Exercise requirements
Copy the data below exactly, omitting any picture it contains.

Data
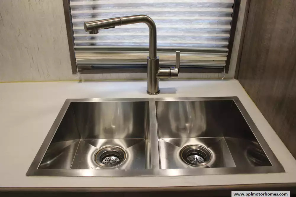 Specs: Width: 6.9 ft., Height: 6.8ft., Total Gray Water Tank Capacity: 31 gal, Total Black Water Tank Capacity: 31 gal.
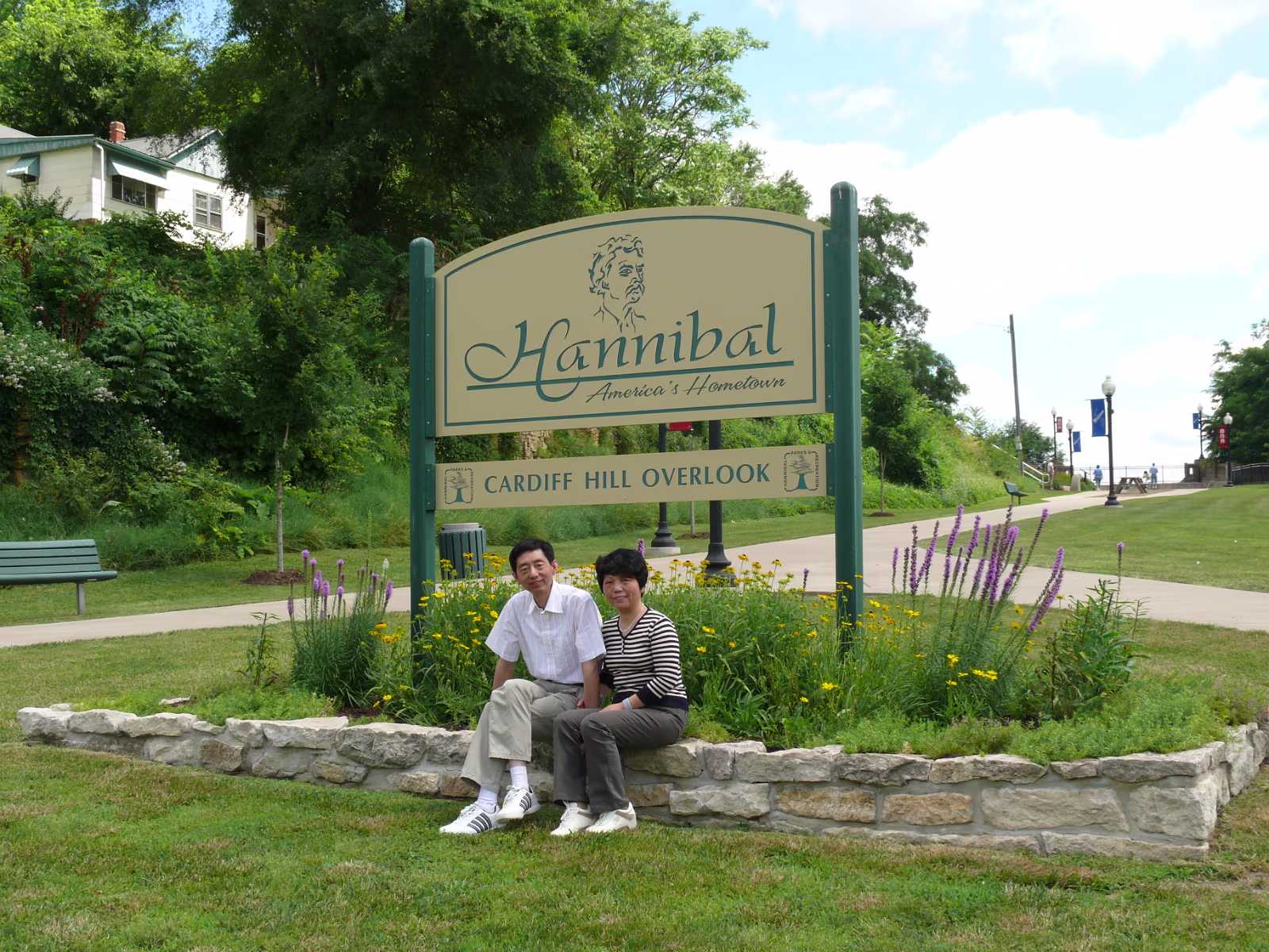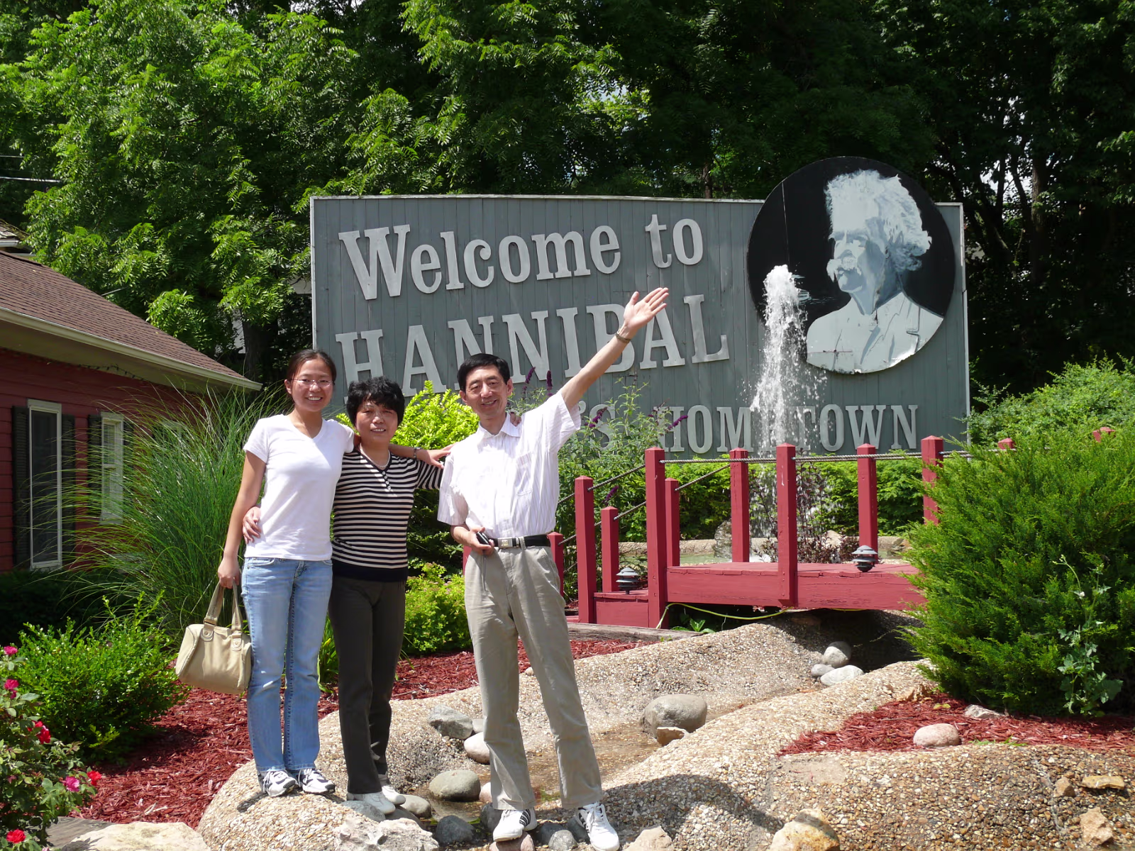 Mom with bike police, she likes the fat one! The Zhang family in Hannibal. Hanhan's parents enjoying Mark Twain's hometown. The sign explains Hannibal. Gary & Hanhan are having a nice day away from work. Hanhan and her dad looking for her mom. The lighthouse above the trees. At the founding point of Hannibal. The Zhang family at the Mark Twain memorial. On the Mississippi waterfront. Mark Twain is big here. Tom loves Becky! Becky loves Tom! Hanhan and the fishing pond. A view from Lover's Leap. Hanhan's dad at Lover's Leap. Hanhan and her mom over Hannibal. The Mark Twain riverboat. Chairman Mao's wish come true, Hanhan's dad in the Mississippi. Hanhan and mom play in the Mississippi. Labels Chicago July 2008Fireworks Trip
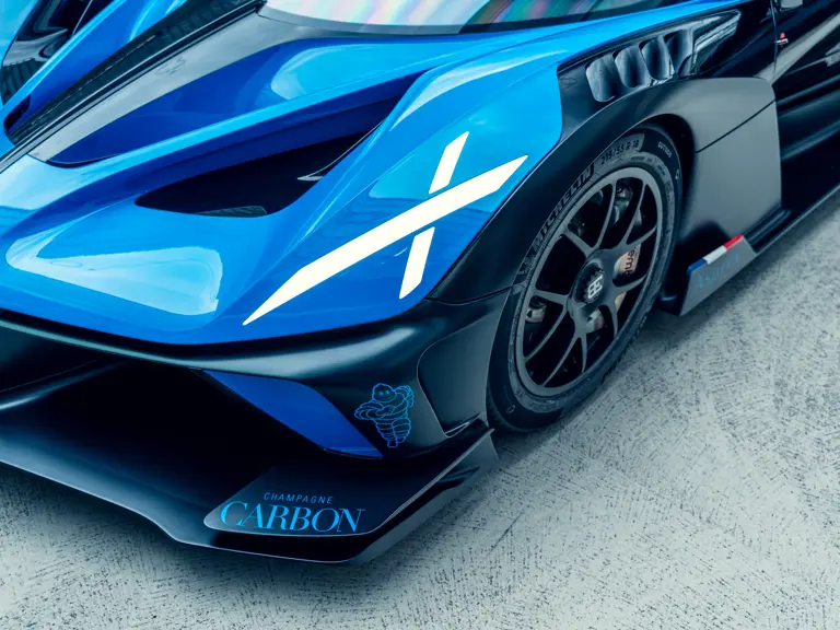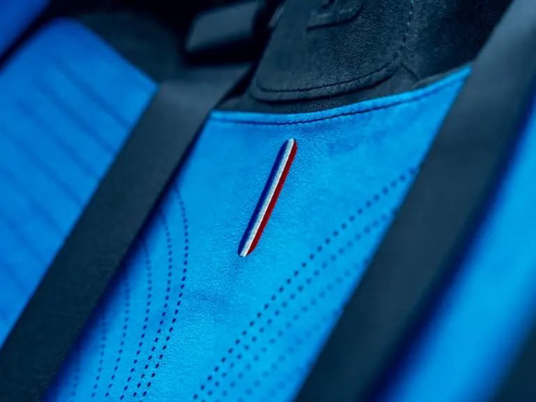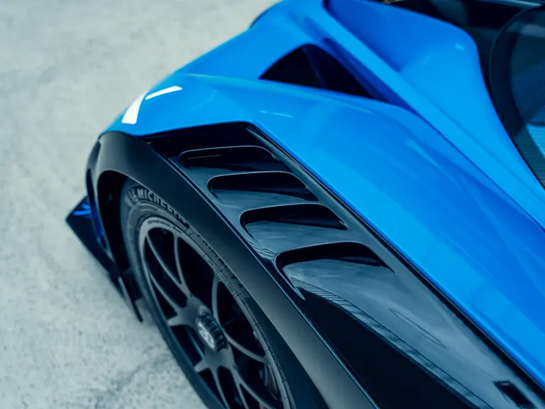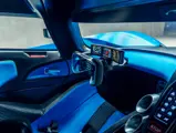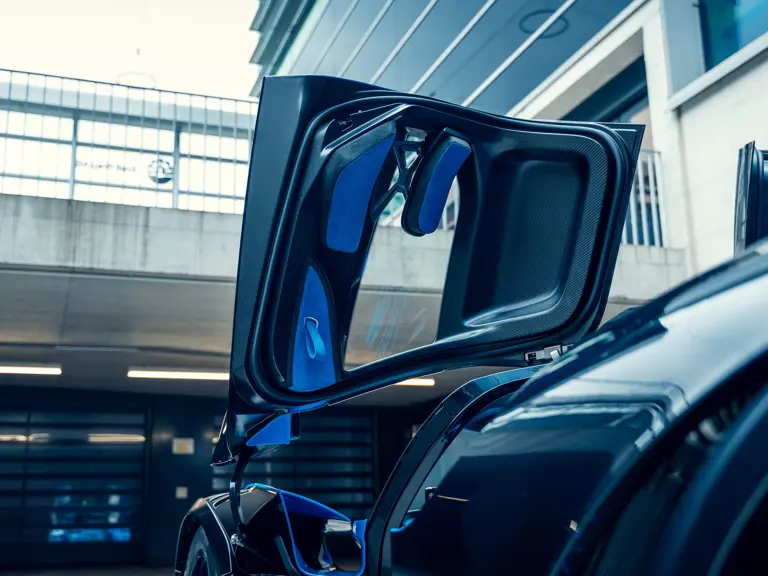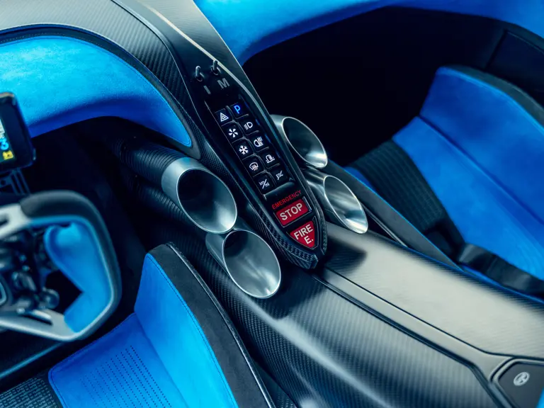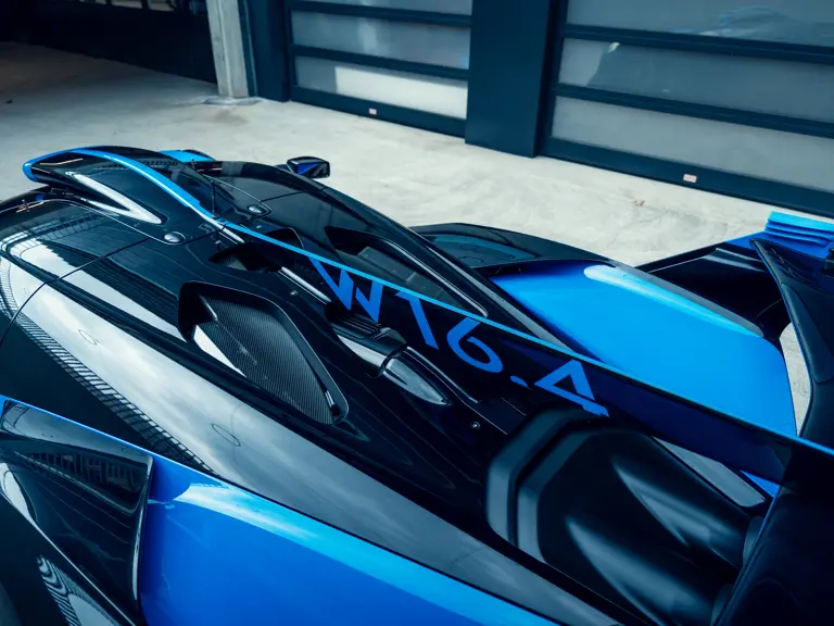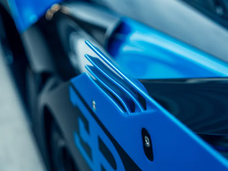 The Bugatti Bolide offered here was specified with a staggering €291,000-worth of optional factory equipment. Its exterior treatment in Bugatti’s signature colour-split motif, a striking combination of Agile Blue tinted carbon fibre and Nocturne paint, accounts for €100,000 of the optional expenses. An additional €55,500-worth of Agile Blue accents and a €7,500 French flag graphic further enhance the exterior colour scheme. Nocturne wheels (€7,500) with black coated wheel caps (€7,500), fuel cap (€5,000), and exhaust deflector (€12,000) complete the presentation.

Reply
 Specs: Width: 6.9 ft., Height: 6.8ft., Total Gray Water Tank Capacity: 31 gal, Total Black Water Tank Capacity: 31 gal.
 Mom with bike police, she likes the fat one! The Zhang family in Hannibal. Hanhan's parents enjoying Mark Twain's hometown. The sign explains Hannibal. Gary & Hanhan are having a nice day away from work. Hanhan and her dad looking for her mom. The lighthouse above the trees. At the founding point of Hannibal. The Zhang family at the Mark Twain memorial. On the Mississippi waterfront. Mark Twain is big here. Tom loves Becky! Becky loves Tom! Hanhan and the fishing pond. A view from Lover's Leap. Hanhan's dad at Lover's Leap. Hanhan and her mom over Hannibal. The Mark Twain riverboat. Chairman Mao's wish come true, Hanhan's dad in the Mississippi. Hanhan and mom play in the Mississippi. Labels Chicago July 2008Fireworks Trip
 The Bugatti Bolide offered here was specified with a staggering €291,000-worth of optional factory equipment. Its exterior treatment in Bugatti’s signature colour-split motif, a striking combination of Agile Blue tinted carbon fibre and Nocturne paint, accounts for €100,000 of the optional expenses. An additional €55,500-worth of Agile Blue accents and a €7,500 French flag graphic further enhance the exterior colour scheme. Nocturne wheels (€7,500) with black coated wheel caps (€7,500), fuel cap (€5,000), and exhaust deflector (€12,000) complete the presentation.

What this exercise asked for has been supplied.